Neutrophil infiltration during
zymosan peritonitis depends on
matrix metalloproteinase-9 (MMP-9) activity as it is impaired both in
MMP-9(-/-) and
gelatinase inhibitor-treated animals. The producer cells of MMP-9 and their relative contribution are not known. The aim of this study was to identify and compare the cellular sources, timing and intensity of MMP-9 induction by
zymosan in the murine peritoneal cavity. We detected MMP-9
mRNA in unstimulated peritoneal leukocytes and its levels increased after
zymosan administration. To detect MMP-9 by flow cytometry, we selected and compared two specific
monoclonal antibodies. We show that MMP-9
protein was absent in control peritoneal macrophages, whereas already at 30min of
peritonitis almost all macrophages were producing the
enzyme. Conversely, MMP-9 was constitutively present in unstimulated mast cells. Macrophages turned out to be prevalent MMP-9 producers in the early phase of
peritonitis. During later stages macrophages kept the high expression of MMP-9 for at least 6h of
inflammation. In contrast, the early phase expression of MMP-9 by neutrophils was limited albeit the highest percentage of
MMP-9(+) neutrophils was observed at 2h but absolute numbers of the MMP-9 carrying neutrophils were low at that time.

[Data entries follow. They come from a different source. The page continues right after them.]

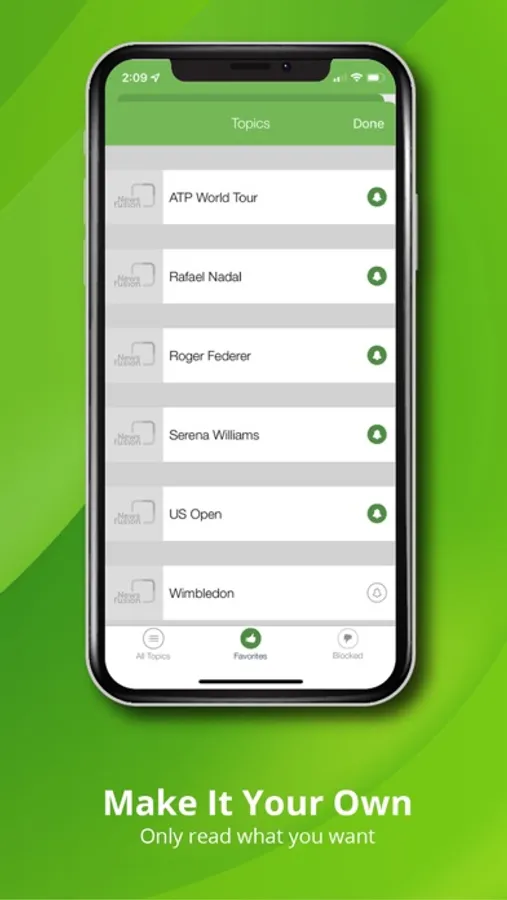 * Choose your favorite topics to stay informed and block topics you don’t want. You can follow players like Roger Federer, Novak Djokovic, Rafael Nadal, Andy Murray, Serena Williams, and tournaments likel ATP and WTA tournaments.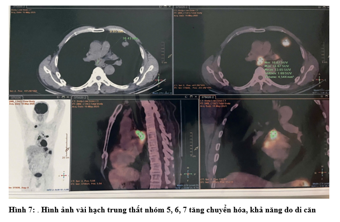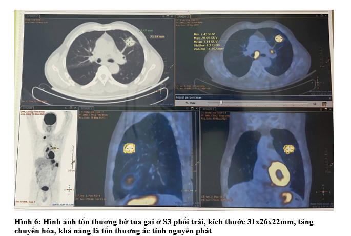 - Chụp PET/CT: Hình ảnh dày thành đại tràng góc lách, dày nhất 18mm, trên đoạn 41mm, tăng chuyển hóa, thâm nhiễm mỡ xung quanh. Vài hạch ở cạnh tổn thương đại tràng, cạnh động mạch chủ bụng và cạnh thân tụy tăng chuyển hóa, khả năng do di căn. Hình ảnh tổn thương bờ tua gai ở S3 phổi trái, kích thước 31x26x22mm, tăng chuyển hóa, khả năng là tổn thương ác tính nguyên phát. Hình ảnh vài hạch trung thất nhóm 5, 6, 7, hạch thượng đòn Phải tăng chuyển hóa, khả năng do di căn. Hình ảnh vài nốt bán đặc và kính mờ rải rác nhu mô phổi 2 bên, có nốt tăng chuyển hóa, khả năng do di căn
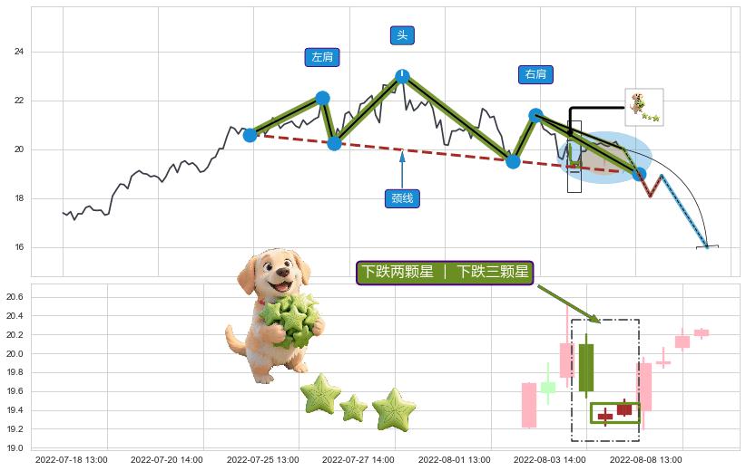 | 2 🅚:看跌(高位倒锤头)流星线 ➕ 📐:头肩顶猜想突破点临近,临近关键支撑位,预期下沉突破下跌 ☞ 看空信号 ⇥ 【🅚线】交织【图形】⇥ 综合量化分数: 43 | > |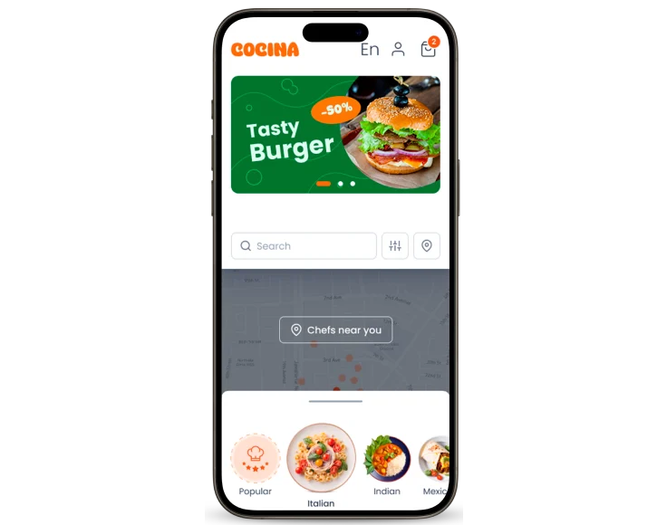 The client behind Cocina sought to create a distinct food delivery platform that stands out in the market by highlighting the talents of chefs and making authentic international cuisine easily accessible. The client’s vision was to build software that facilitated food delivery and allowed chefs to take control of their menus, ensuring that the meals delivered accurately represented their culinary artistry. This emphasis on authenticity and quality was central to the client’s goal of a premium food delivery app development.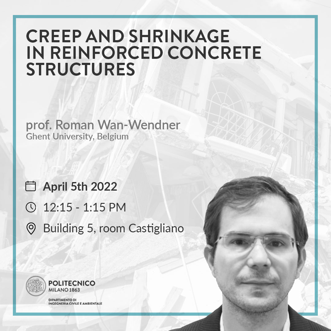 Martedì 5 Aprile si svolgerà presso l’aula Castigliano (edificio 5), un seminario dal titolo “Creep and Shrinkage in reinforced concrete structures” tenuto da Roman Wan-Wendner, Professore all’interno del Dipartimento di Ingegneria Strutturale dell’Univeristà di Ghent.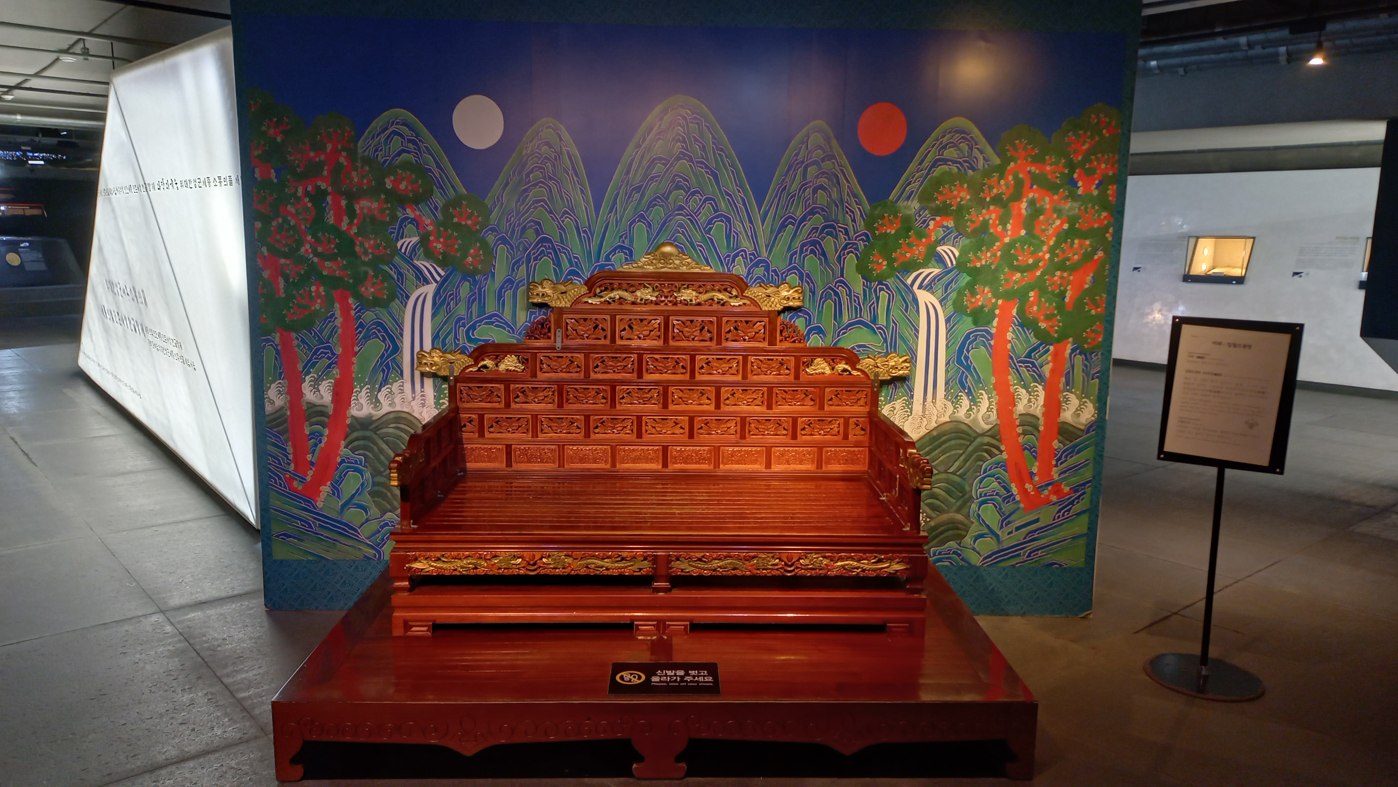 어좌는 임금님이 앉는 의자이며, 그 의자 뒤에는 항상 일월오병병을 배치했습니다.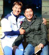 2013.03.15 11: 12홍성흔,'전임 박재홍 회장님과 함께 다정한 포즈'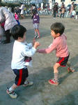 いつもの公園で遊んでいたお友達もほとんどお休みで、今日は戦いごっこのボス的存在の子と一騎打ちだった。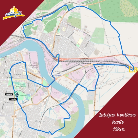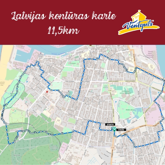 - 11,5 km – skriešana, nūjošana vai iešana (starts Zvaigžņu un Sabiles ielu krustojumā);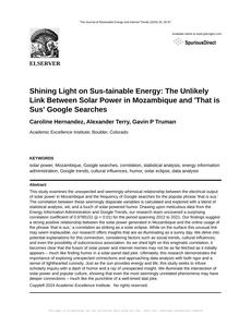 Shining Light on Sus-tainable Energy: The Unlikely Link Between Solar Power in Mozambique and 'That is Sus' Google Searches The Journal of Renewable Energy and Internet Trends Jan 2024 Reminder: This paper is AI-generated. Not real! |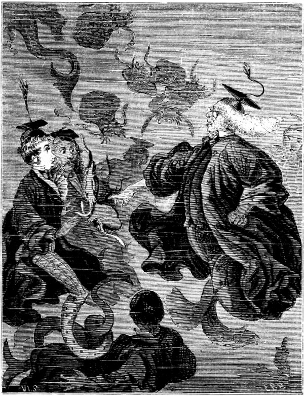 “I assure you, sir,” said Cymodoce, gravely, “that you are under a serious mistake. That figure is a mere painted figure-head, quite incapable of a rational thought or instructive conversation.”
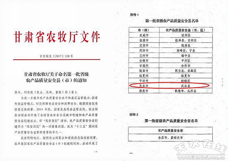 5月9日,在慶陽西峰召開的全省農(nóng)產(chǎn)品質(zhì)量安全監(jiān)管工作會(huì)議上,武山縣被命名為省級(jí)農(nóng)產(chǎn)品質(zhì)量安全縣。

In contrast, during the late phase of
peritonitis neutrophils became major producers of MMP-9 as they numerously infiltrated peritoneum. In conclusion, the study reports detection of MMP-9 at the single-cell level during
peritonitis, demonstrates unexpectedly fast MMP-9 expression in macrophages and reveals quantitatively phase-specific contribution of mast cells, macrophages and neutrophils.